Los otros "pecados" históricos de los que se suele acusar a la reina de Castilla son desmentidos por las actas del proceso.En ellas el historiador Luis Suárez demuestra que los judíos no eran ciudadanos españoles. Habían sido expulsados de toda Europa y sólo disponían de un permiso para permanecer en España.Como dice el vicario general de Valladolid, "eran huéspedes no naturales del país, causa de continua discordia". Lo que parece claro es que ni Isabel ni Fernando eran antisemitas. La Corte estaba llena de judíos, como el administrador de los caudales de la guerra de Granada, Abraham Seneor, y el suministrador de las tropas, Samuel Abalofia.
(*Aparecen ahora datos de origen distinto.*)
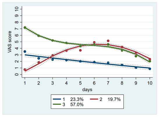 A total of 217 patients were used for the group-based trajectory analysis. In the entire sample, the mean daily pain score was moderate on postoperative day 1 (5.1 ± 3.1) and decreased significantly by postoperative day 10 (1.8 ± 1.0) (Figure 2). Table 2 reports the model fitting for the group-based trajectory analysis. The optimal number of trajectories and trajectory shapes are determined through group-based track modeling. The average posterior probabilities (AvePP) of the optimal model were closer to 1, and the Bayesian information criterion (BIC) value was relatively small. The best-fitting model included three trajectory groups: linear, quadratic, and cubic. These track groups are graphically illustrated in Figure 3.
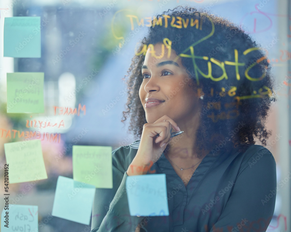 Black woman, business and brainstorming, board and postit notes with ideas for project, planning and strategy for marketing or investment firm. Thinking, professional and vision, innovation and plan
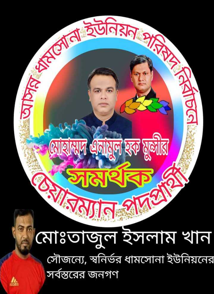 ধামসোনা ইউপি নির্বাচনে চেয়ারম্যান পদপ্রার্থী ঢাকা জেলা পরিষদের প্যানেল চেয়ারম্যান,আশুলিয়া থানা আওয়ামীলীগের দপ্তর সম্পাদক এনামুল হক মুন্সী মামার বিকল্প নাই।তরুন উদীয়মান আওয়ামীলীগ কর্মী তাজুল ইসলাম খাঁন বলেন,ধামসোনা ইউপি নির্বাচন করতে যারা প্রচার করে চলেছেন।সবার তুলনায় এনামুল মামা জনসমর্থনে বহুগুণে এগিয়ে আছেন।মানবিক বা সার্বিক বিষয় নিয়ে কোনো ব্যাক্তিই তার ধারে কাছে নেই।তার নির্বাচনীয় ঘোষনায় আলোড়ন সৃষ্টি হয়েছে ধামসোনা ইউপির প্রত্যেকটি ওয়ার্ড ও পাড়া মহল্লায়।এনামুল হক মামা দানবীর হিসাবে পরিচিত,মানুষ তাকে গরীবের রাজা নামেই চেনে।গৃহহীনদের ঘর,প্রতিবন্ধীদের গাড়ি,কন্যাদায়গ্রস্থদের সহযোগীতা,দুস্থ ছাত্রছাত্রী,অসুস্থ রোগী,বেকার যুবক,মসজিদ মাদ্রসা মন্দীর সহ সকল ধর্মীয় প্রতিষ্ঠানের প্রতি সজাগ দৃষ্টি রেখে মানব কল্যানে কাজ করে যাচ্ছেন তিনি।তার নাম বীর মুক্তিযোদ্ধা সহ শিশু বৃদ্ধা ময়মুরুব্বি সকলের আলোচনার কেন্দ্রবিন্দুতে।নির্বাচনীয় বিষয় নিয়ে এনামুল হক মুন্সী বলেন।আমি নির্বাচন করতে ইচ্ছুক তবে আমার ইচ্ছায় নয়।জনগনের ইচ্ছাই আমার ইচ্ছা।প্রিয় এলাকাবাসী আমি আপনাদেরই এনামুল,জানিনা আপনাদের বিশ্বাস আস্থা ভালোবাসার প্রতিদান কতটুকু দিতে পেরেছি বা পারবো।আমি আমার দৃষ্টিকে সবসময় সার্বজনীন পর্যায়ে রাখার চেষ্টা করি।আমি আলোতে মুগ্ধ তুষ্ট নই,তুষ্ট আলোর উৎস সুর্যে।আমাকে একটিবার আপনাদের সেবা করার সুযোগদিন।আমাকে কাজের জন্য ডাকতে হবেনা,আমাকে পাওয়ার জন্য দির্ঘ সময় বসে থাকতে হবেনা।আপনার মৌলিক অধিকার বাস্তবায়নে আমি এনামুল নিরলস পরিশ্রম করে যাব ইনশাআল্লাহ।ডিজিটাল বাংলার রুপকার বঙ্গবন্ধু কন্যা জননেত্রী মাননীয় প্রধানমন্ত্রী মমতাময়ী মা শেখ হাসিনার স্বপ্ন গ্রাম হবে শহর সেটিকে বাস্তবায়ন করতে।ঢাকা- ১৯ আসনের নবনির্বাচিত সংসদসদস্য মুহাম্মদ সাইফুল ইসলাম এর দেখানো পথ অনুস্বরন করে।স্বনির্ভর ধামসোনা ইউনিয়ন কে উন্নয়নের রোল মডেল হিসাবে গড়ে তুলবো ইনশাআল্লাহ।
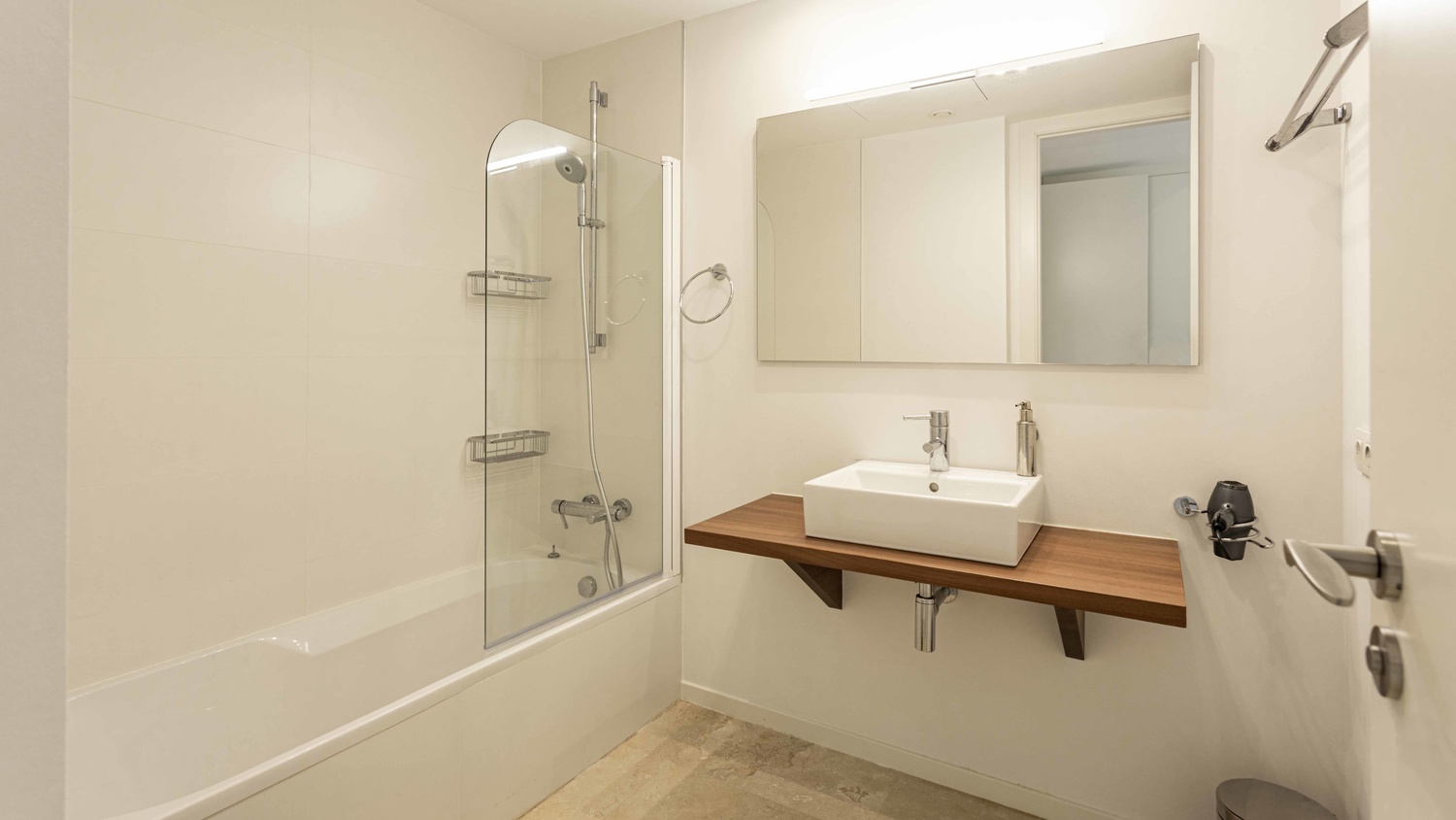 Residential floor: entrance hall, living/dining area leading out to large covered terrace, kitchen, laundry room, guest toilet, master bedroom with bathroom en-suite plus one further bedroom with bathroom en suite.
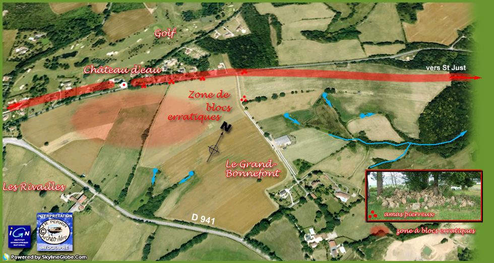 des blocs approvisionnés en rive des voies.Un important cairn d'épierrement des labours existe en bordure de la voie de desserte de la ferme de Bonnefont (photo). Enfin dans l'angle des deux routes, un vaste espace est parsemé de blocs erratiques (au sens historique du terme). Au dire d'un exploitant agricole rencontré sur le site, ils sont suffisamment imposants pour qu'il soit plus rentable de les contourner lors des façons agricoles, plutôt que de tenter de les extraire et de les évacuer. Nous avions contrôlé sommairement à la jumelle ce site il y a 10 ans. La zone est actuellement couverte par du maïs en tige, il faudra attendre l'hiver pour une nouvelle visite voire un inventaire. |
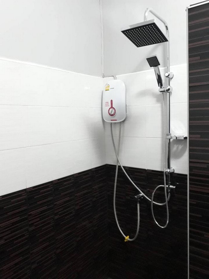 ห้องน้ำขนาดกะทัดรัด ตกแต่งอย่างสวยงามและทันสมัย พร้อมการออกแบบที่เรียบง่าย เน้นประโยชน์ใช้สอย ติดตั้งอ่างล้างหน้า ชักโครก ไว้ในส่วนหน้า แยกโซนอาบน้ำด้วยผนังกั้นไว้ทางด้านหลัง
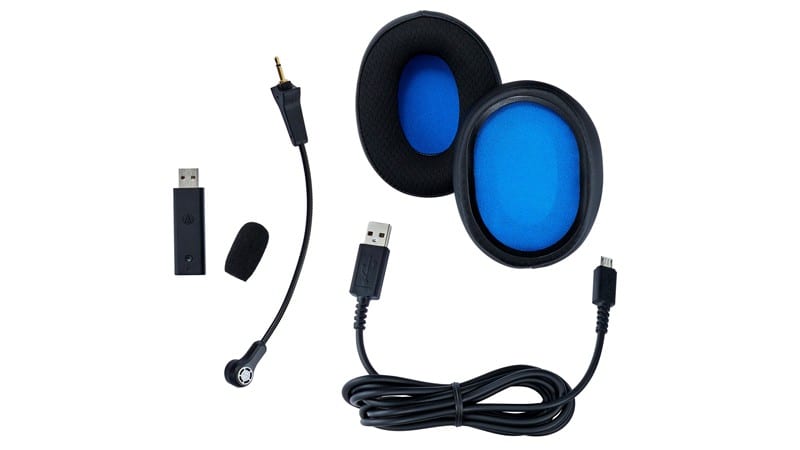 Geliefert wird das ATH-G1WL neben den Kopfhörern mit einem abnehmbaren Mikrofon, dem zugehörigen Windschutz, einem Satz ersetzbarer Ohrpolster, dem 2 Meter langen Ladekabel und dem nötigen kabellosen USB-Sendeempfänger vom Typ A.
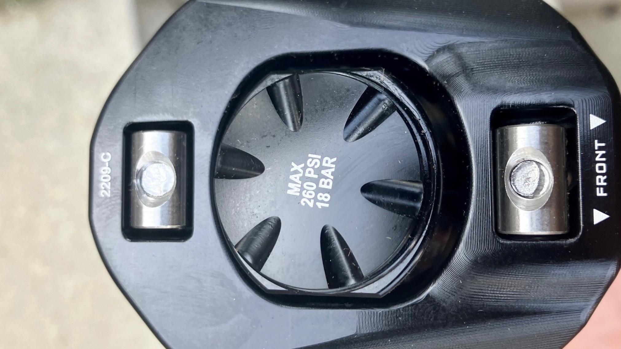 Early on in the testing, the Resolve post felt sluggish on the return. About 80% up, there was a sticky hitch before it returned to full extension. We removed the saddle and attached a shock pump to the post. There was only 140 PSI in the post. We pumped it up to 240 PSI and the problem was permanently solved. We should have checked the air pressure during the initial installation. Thankfully, the air spring valve is easy to access with the saddle removed.

La propia reina castellana se sometió al tratamiento de un médico judío, Lorenzo Badoc, en momentos en los que sus esperanzas de sucesión eran escasas.
De hecho, Isabel escribe: "Todos los judíos de mis reinos son míos y están bajo mi protección y a mí pertenece de los defender y amparar y mantener en justicia". Es decir, no los expulsa por racismo, sino por razón de Estado: para construir la unidad de su reino sobre la base de una sola religión. "Ya entonces el multiculturalismo era atroz. La reina procede pura y simplemente por razón de Estado", asegura el historiador Vidal González.Y añade: "Es un hecho que casi la mitad del catolicismo actual se debe, en gran medida, a esta mujer singular".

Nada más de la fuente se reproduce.